Representing Child Protective Services, some cases are so bad that they warrant criminal prosecution. I just got termination on a father's rights in the civil trial, and would like to offer a plea deal on the criminal charges designed to cause him to forego his right to appeal the civil judgment. The criminal charges are legit, multiple 2nd-degree felonies. Any ethical problems with that kind of trade-off? I can't find it so far.
Watch out! Texas Disciplinary Rules of Professional Conduct 4.08 (or 4.04, I don't have them in front of me at the moment) provides that a person can't use the threat of criminal charges as leverage in a civil matter. The same issue comes up in asset forfeiture cases, even though those may be considered quasi-criminal. Many prosecutors shy away from trying to offer a package deal because of this rule, or at least the perception that the prosecutor is using criminal charges to get a person to waive important civil rights.
Of course, the other side of that coin is that a prosecutor should feel free to include something in a plea agreement that is warranted by the facts of the criminal case. Otherwise, the defendant could shield himself from a particular consequence just by claiming that we were seeking leverage in the civil suit.
For example, if two parents of children are charged with horrible injury to a child of theirs, would we not include termination of custody as a condition of any plea agreement, regardless whether there was a CPS case? In making the agreement, I would not be seeking leverage in the civil case, I would be seeking justice in the outcome of the criminal case.
Rob, what do we mean by "leverage"?
Rob, the rule you cite says a lawyer may not "present, participate in presenting, or threaten to present a criminal charge solely to gain an advantage in a civil suit."
It seems like perhaps a pretty fine line to tread, but in my case I'm absolutely not doing it "solely" for that purpose. Fact is, I've already tried one of the felonies to a jury (hung, because of a botched indictment on my part), and will try him again if I have to. If "solely" is determinative, I feel safe from 4.04(b). I am somewhat irked, however, at wondering if I am "safe" from the rules. But that's another discussion topic.
John, the point you made about requiring termination is apt in this case - the mother accepted my plea offer of 10 years probation on her charges and signed a voluntary relenquishment as part of the deal. I'm certain from what I saw of the recent Dallas case that pled out after trial had begun, that termination was part of that deal.
I guess there aren't any greater conflict issues once we're at the appeal stage of the civil trial, so it's perhaps academic at this point, but I wanted to try to understand all possibilities before I make any offers.
Thanks for your inputs.
How about when you are prosecuting an elected official and offer to dismiss the case in exchange for resignation from office.
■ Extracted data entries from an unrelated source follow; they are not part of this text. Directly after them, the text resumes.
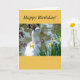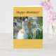 Eine niedliche weiße Ente weht am Ufer, umgeben von hübschen, gelben Narzissen. Anspielung auf den Frühling und sonnige Tage, während die Sonne auf dem Wasser am See glitzert. Eine sehr glückliche, sonnige Karte für einen schönen Geburtstag für einen Freund oder Liebsten.
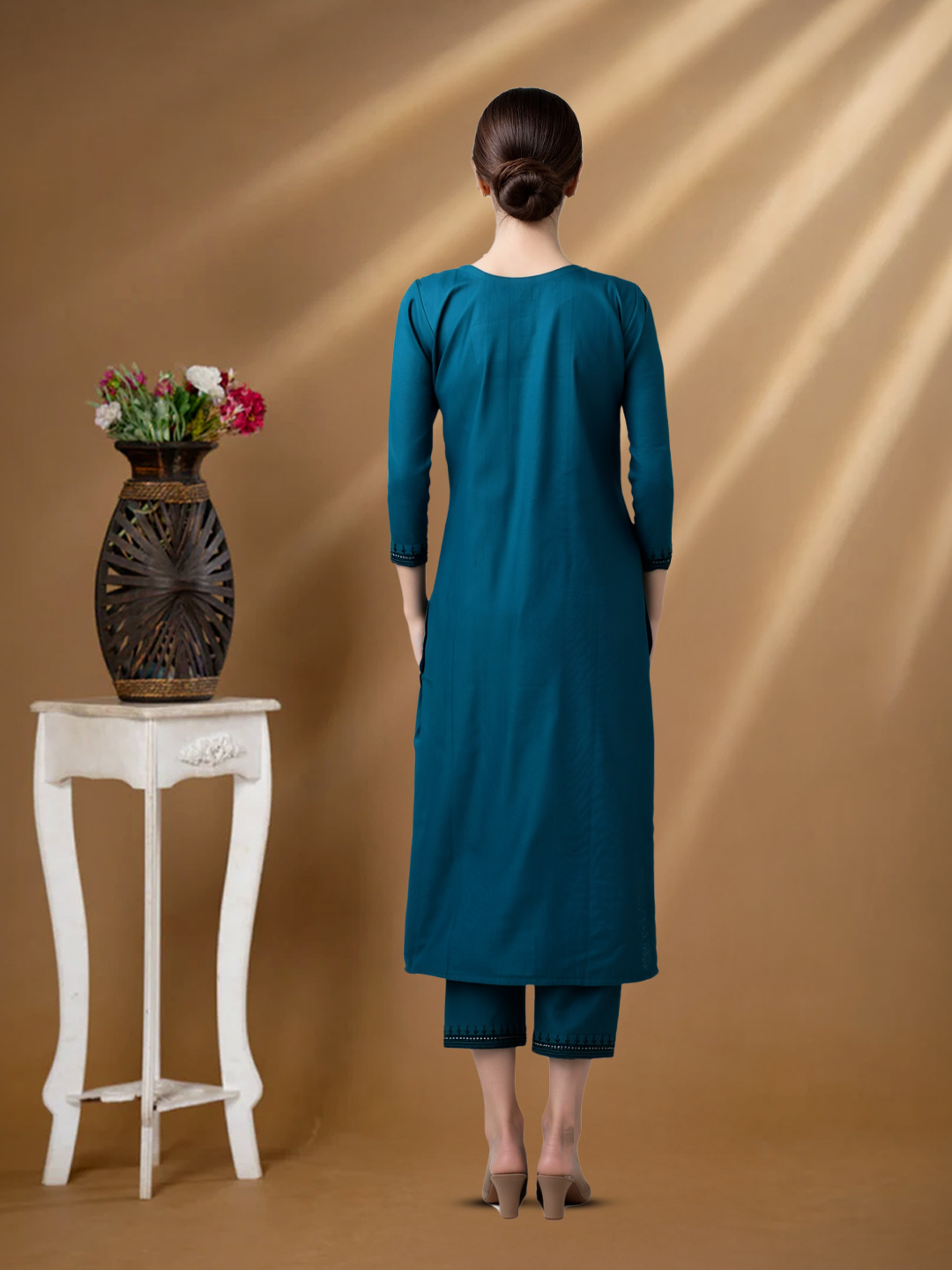 Designed with a straight-cut kurta and matching pants, this set ensures comfort without compromising style. The flattering silhouette and breathable fabric make it perfect for all-day wear, from family gatherings to formal events.
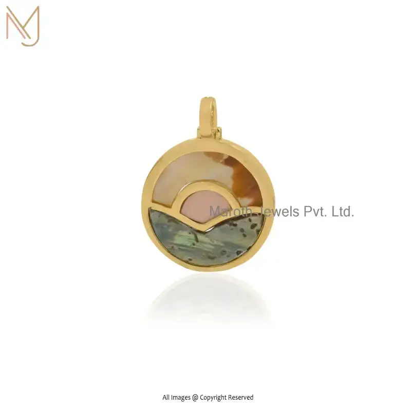 925 Silver Yellow Gold Plated Mother OF Pearl Pink Opal Cubic Zircon Round Gemstone Pendant Jewelry Supplier
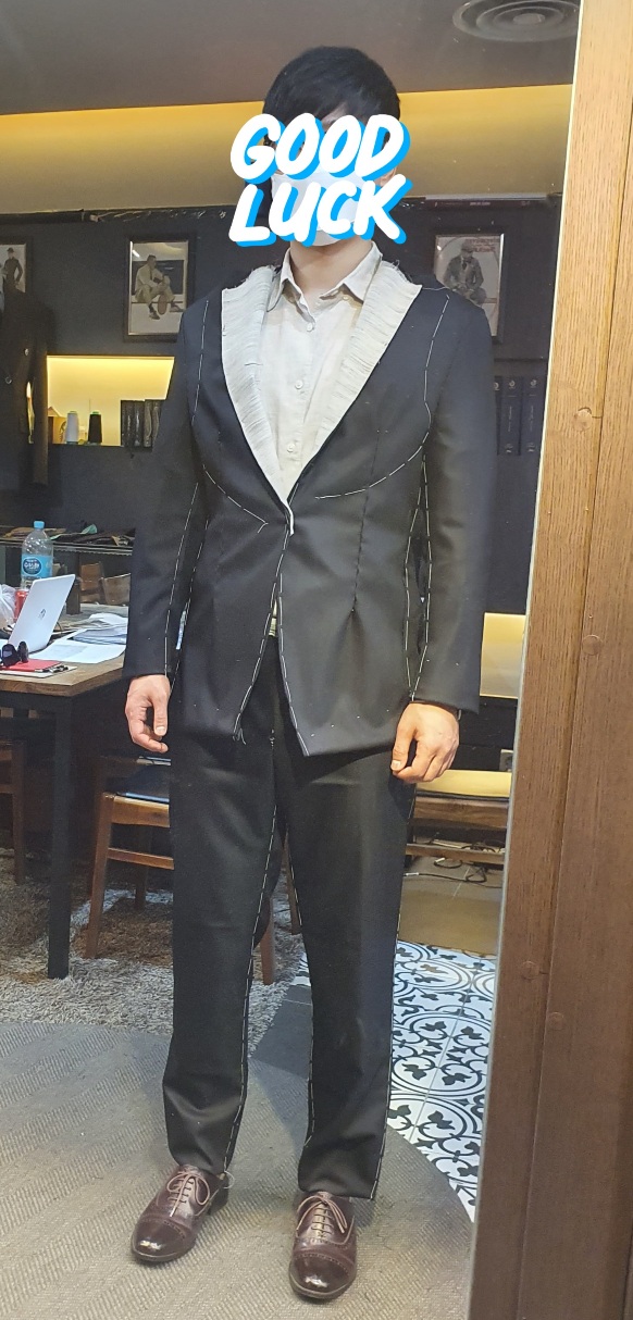 첫날 선택한 디자인과 측정한 치수를 기반으로 반수 제로 만든 예복을 우선 입어보고 수정이 필요한 부분에 대해서 신랑과 직접 의견을 교류하며 체크하십니다. 대략 30분? 정도 소요되는 것 같습니다.
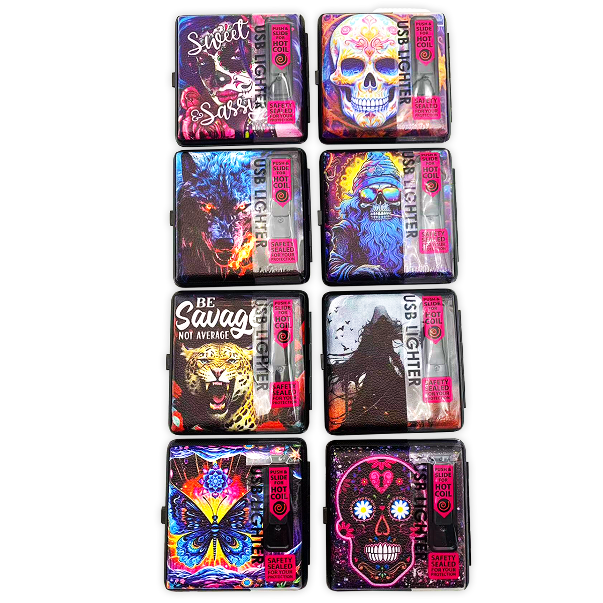 Wholesale Smokezilla Cigarette Case USB Coil Lighter Assortment - 8/Pk
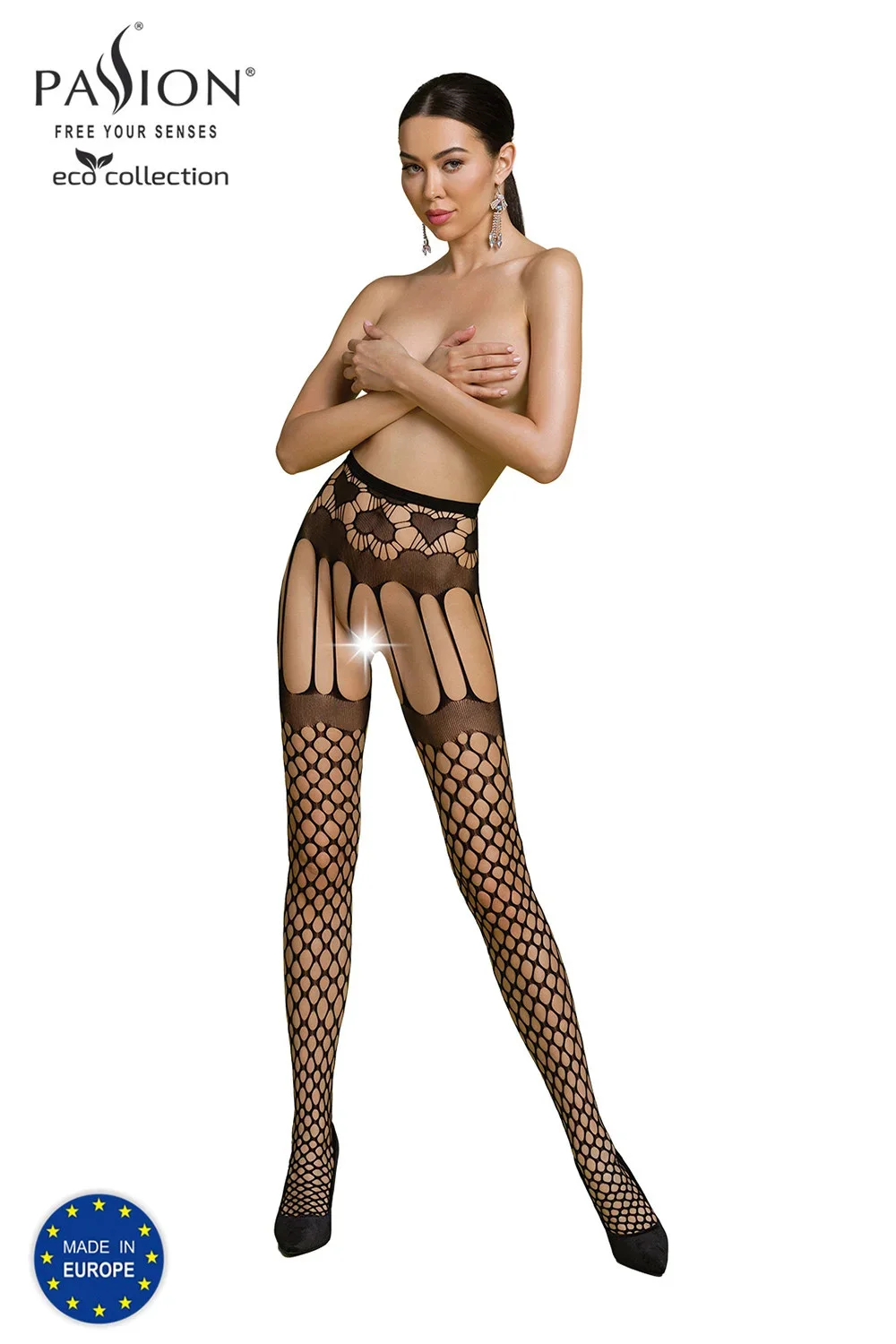 Punčochové zboží značky Passion, model ECO S009. Výrobek je vyroben z 83 % z regenerovaného nylonu, 17 % z rozložitelného elastanu. Dámský výrobek. Spodní prádlo se vyznačuje rozparkem v rozkroku.
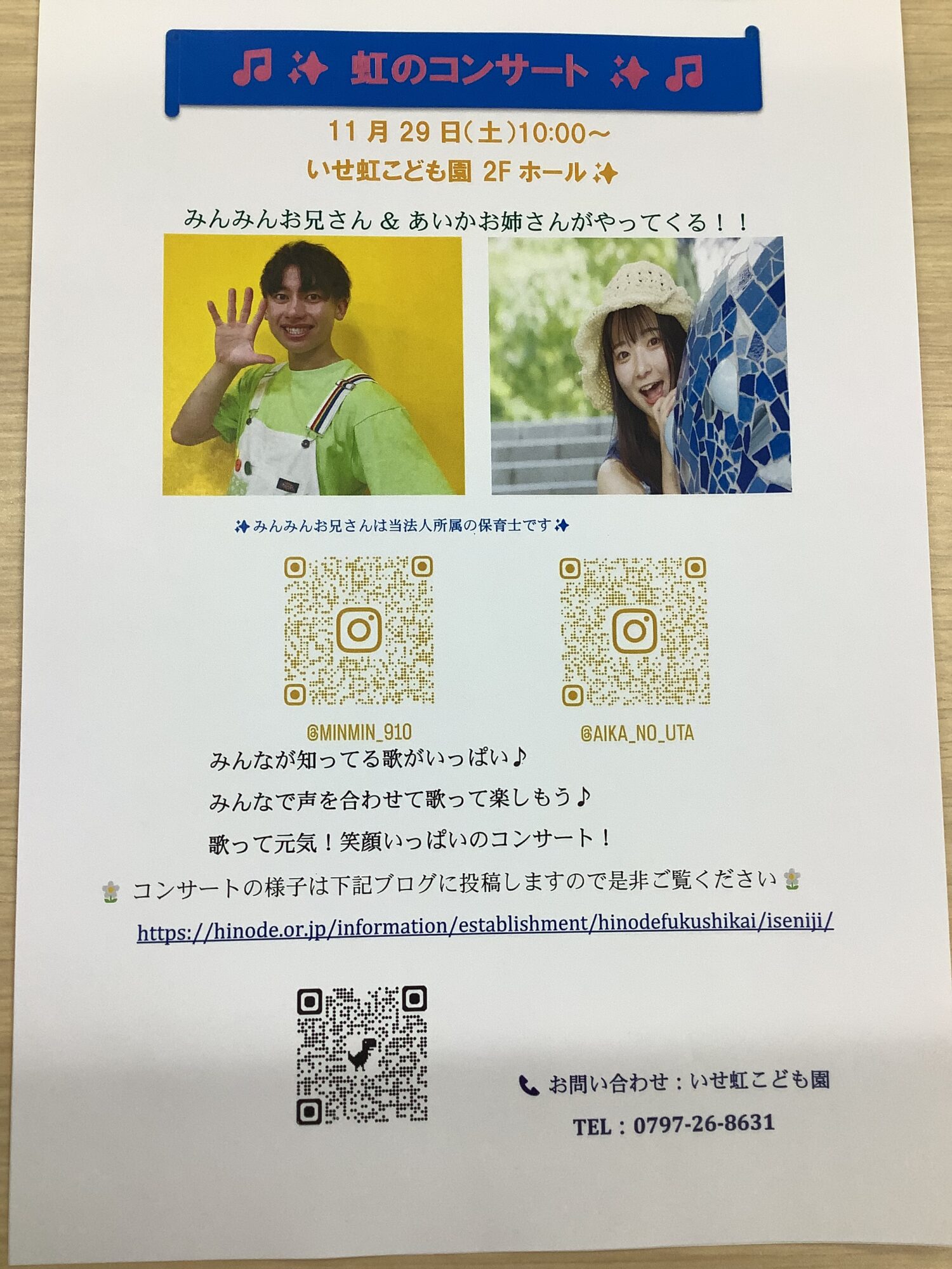 11月29日(土曜日)にうたのお兄さん、お姉さんがきてくれ、コンサートが開催されます!
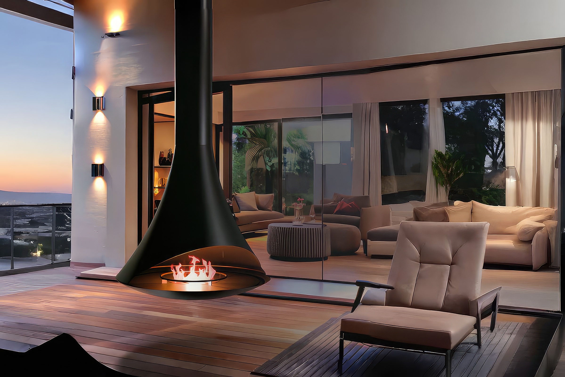 Камин AVES 26 КОМО — это эффектный подвесной дровяной камин с открытым очагом, выполненный в каплевидной форме. Его уникальная конструкция позволяет разместить камин в центре каминного зала или со смещением — в определённой зоне гостиной. Благодаря подвесному монтажу, модель создаёт визуальный эффект парения, превращая огонь в архитектурный акцент.
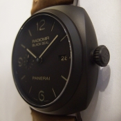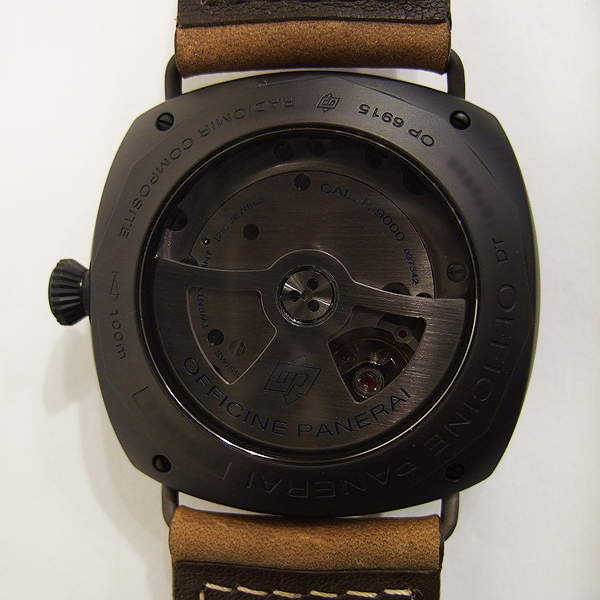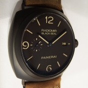 Radiomir 系列 BLACK SEAL 腕錶/ 型號:PAM-00505/ 0 字頭限量製作2000只/ 採自製編號:P.9000 自動上鏈機芯,2 個發條盒,動力儲存 3 天,完全由 PANERAI研製/ 具時ˋ分ˋ小秒指示, 3 點方位日期顯示窗/ 三明治式刻度鏤空暗棕色(菸草色)面盤/ 舊化處理夜光指針及時標/ 錶徑: 45 mm/ 陶化鋁複合材質錶殼/ 藍寶石水晶玻璃鏡面及透明後底蓋/ 防水達100米/ 搭配原廠身咖啡色作舊牛皮錶帶/ 陶化鋁複合材質ㄇ型(普通型)扣頭.
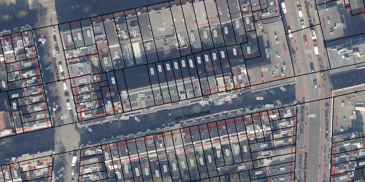 Het perceel waarop Van Ostadestraat 75-E staat heeft een oppervlakte van 106 m². Dit is een middelgroot perceel. De perceeloppervlakte wordt geregistreerd door het Kadaster. Gedetailleerde informatie over de maten van dit perceel kunt u vinden in het rapport Kadastrale kaart met maatvoering van Van Ostadestraat 75-E.
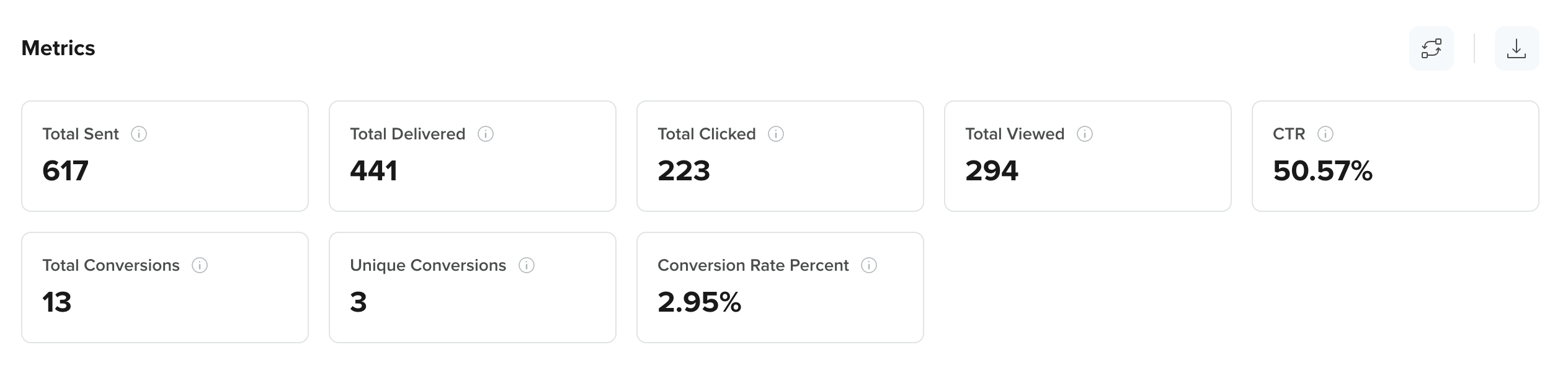 Total Delivered: The total number of messages successfully delivered to users’ devices or inboxes. For Push Notifications, the delivered count includes push impressions.
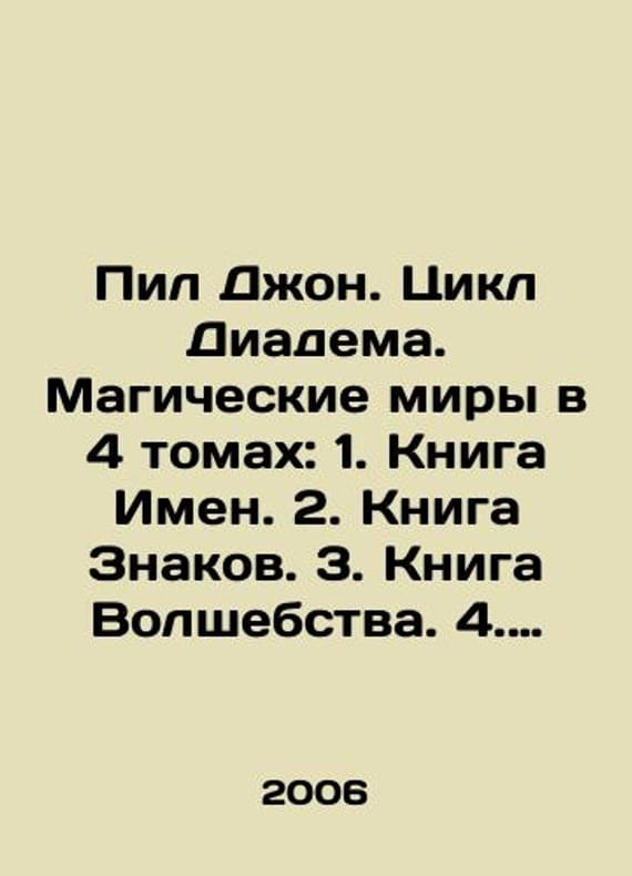 John Saw. Diadema Cycle. Magical worlds in 4 volumes: 1. Book of Names. 2. Book of Signs. 3. Book of Magic. 4. Book of Thunder. In Russian /Pil Dzhon. Tsikl Diadema. Magicheskie miry v 4 tomakh: 1. Kniga Imen. 2. Kniga Znakov. 3. Kniga Volshebstva. 4. Kniga Groma. They came to the world of Diademas sword and magic from different worlds. A street boy from modern New York, a warrior girl from the medieval Ordin, a young computer genius from the high-tech city of Kalomir. We have thousands of titles and often several copies of each title may be available. Please feel free to contact us for a detailed description of the copies available. SKUalb6c8d2e8baa291bf1.

The alternative is a conviction and then a removal suit. What's the difference?
As a condition of every guilty plea, we require the defendant to waive any right he might have (real or imagined) to expunge anything related to his case. Obviously, the expunction is a civil case, but is there any problem with that?
There is no problem with that. You are not presenting a criminal charge to gain an advantage in a civil suit. Frankly, there is no civil suit pending, nor would there even be the possibility of a civil suit but for the underlying crime and conviction.
Excellent insights, but it is going to be a fact question based on the "solely" issue. I doubt you are prosecuting a good criminal case solely to force the guy to agree not to seek an expunction. It is case by case, and my guess is, most folks would rather avoid the grievance process, even if they could probably win an argument over the word solely. Thus, my advice to be careful!
Frankly, this issue comes up in its most obvious form when the defense attorney hints that a dismissal will avoid a civil suit against the officer, city, or county. Then, the prosecutor must remember he doesn't work to represent the officer, city, or county's liability interests.
Also, sometimes an officer will hint that he filed the charges to avoid being sued and that a dismissal would hurt. Again, not my problem.